--- SUPPLIED RECORDS Enclosed Below ---
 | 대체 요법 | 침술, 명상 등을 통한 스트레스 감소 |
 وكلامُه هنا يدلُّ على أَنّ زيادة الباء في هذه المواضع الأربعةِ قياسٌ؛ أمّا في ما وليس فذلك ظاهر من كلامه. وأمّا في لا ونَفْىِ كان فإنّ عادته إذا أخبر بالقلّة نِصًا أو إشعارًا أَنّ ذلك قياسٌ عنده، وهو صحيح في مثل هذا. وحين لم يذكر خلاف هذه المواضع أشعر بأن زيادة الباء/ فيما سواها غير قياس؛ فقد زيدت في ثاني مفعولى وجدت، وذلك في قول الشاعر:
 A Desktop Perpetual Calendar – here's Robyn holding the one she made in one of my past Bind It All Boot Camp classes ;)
--- End of Enclosed SUPPLIED RECORDS ---
--- SUPPLIED RECORDS Enclosed Below ---
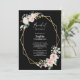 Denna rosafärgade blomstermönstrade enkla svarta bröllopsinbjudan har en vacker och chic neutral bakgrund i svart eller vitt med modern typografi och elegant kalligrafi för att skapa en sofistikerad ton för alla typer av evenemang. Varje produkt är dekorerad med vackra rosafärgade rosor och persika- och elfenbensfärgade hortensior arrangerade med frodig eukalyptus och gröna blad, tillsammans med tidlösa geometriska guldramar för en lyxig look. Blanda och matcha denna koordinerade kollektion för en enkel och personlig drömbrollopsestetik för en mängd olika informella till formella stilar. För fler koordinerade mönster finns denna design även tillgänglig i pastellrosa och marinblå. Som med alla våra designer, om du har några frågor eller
--- End of Enclosed SUPPLIED RECORDS ---
Each line in the listing above from the one containing "وكلامُه هنا يدلُّ" through the one containing "A Desktop Perpetual" should be repeated exactly, and no other line.

 وكلامُه هنا يدلُّ على أَنّ زيادة الباء في هذه المواضع الأربعةِ قياسٌ؛ أمّا في ما وليس فذلك ظاهر من كلامه. وأمّا في لا ونَفْىِ كان فإنّ عادته إذا أخبر بالقلّة نِصًا أو إشعارًا أَنّ ذلك قياسٌ عنده، وهو صحيح في مثل هذا. وحين لم يذكر خلاف هذه المواضع أشعر بأن زيادة الباء/ فيما سواها غير قياس؛ فقد زيدت في ثاني مفعولى وجدت، وذلك في قول الشاعر:
 A Desktop Perpetual Calendar – here's Robyn holding the one she made in one of my past Bind It All Boot Camp classes ;)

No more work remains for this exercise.